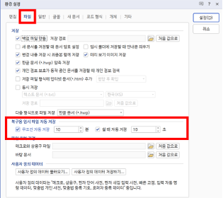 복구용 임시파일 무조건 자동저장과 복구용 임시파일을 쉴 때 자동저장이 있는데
===
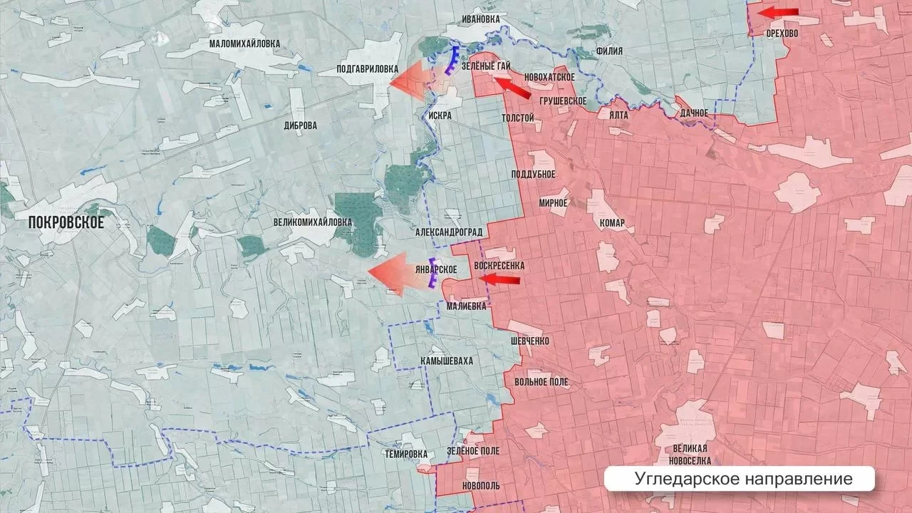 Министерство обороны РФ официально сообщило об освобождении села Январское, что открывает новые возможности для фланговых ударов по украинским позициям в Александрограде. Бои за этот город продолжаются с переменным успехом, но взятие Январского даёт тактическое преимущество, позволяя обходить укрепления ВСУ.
===
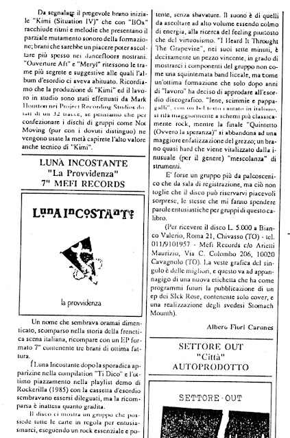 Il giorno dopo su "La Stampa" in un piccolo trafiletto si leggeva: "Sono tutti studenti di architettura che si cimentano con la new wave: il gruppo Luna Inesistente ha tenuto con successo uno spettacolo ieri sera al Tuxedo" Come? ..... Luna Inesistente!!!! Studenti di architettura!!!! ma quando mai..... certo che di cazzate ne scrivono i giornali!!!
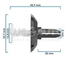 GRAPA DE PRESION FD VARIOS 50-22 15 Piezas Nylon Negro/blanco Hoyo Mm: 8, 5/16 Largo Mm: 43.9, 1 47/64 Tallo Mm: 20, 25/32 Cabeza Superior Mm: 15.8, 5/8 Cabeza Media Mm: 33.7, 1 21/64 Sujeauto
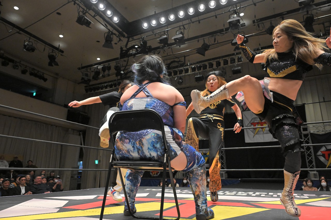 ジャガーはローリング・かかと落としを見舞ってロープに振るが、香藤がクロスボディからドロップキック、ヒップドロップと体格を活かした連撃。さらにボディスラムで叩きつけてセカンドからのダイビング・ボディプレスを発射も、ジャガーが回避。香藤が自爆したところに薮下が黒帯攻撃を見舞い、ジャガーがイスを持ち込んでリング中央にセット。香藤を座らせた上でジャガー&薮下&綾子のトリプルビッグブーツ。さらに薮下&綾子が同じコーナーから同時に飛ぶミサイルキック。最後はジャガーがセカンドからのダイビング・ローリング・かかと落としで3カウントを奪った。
===
## TASK OBJECTIVE
Transcribe the lines above exactly, beginning at the one with "GRAPA DE PRESION" and ending at the one with "ジャガーはローリング・かかと". Include both; exclude the pictures.

## OUTPUT
 GRAPA DE PRESION FD VARIOS 50-22 15 Piezas Nylon Negro/blanco Hoyo Mm: 8, 5/16 Largo Mm: 43.9, 1 47/64 Tallo Mm: 20, 25/32 Cabeza Superior Mm: 15.8, 5/8 Cabeza Media Mm: 33.7, 1 21/64 Sujeauto
 ジャガーはローリング・かかと落としを見舞ってロープに振るが、香藤がクロスボディからドロップキック、ヒップドロップと体格を活かした連撃。さらにボディスラムで叩きつけてセカンドからのダイビング・ボディプレスを発射も、ジャガーが回避。香藤が自爆したところに薮下が黒帯攻撃を見舞い、ジャガーがイスを持ち込んでリング中央にセット。香藤を座らせた上でジャガー&薮下&綾子のトリプルビッグブーツ。さらに薮下&綾子が同じコーナーから同時に飛ぶミサイルキック。最後はジャガーがセカンドからのダイビング・ローリング・かかと落としで3カウントを奪った。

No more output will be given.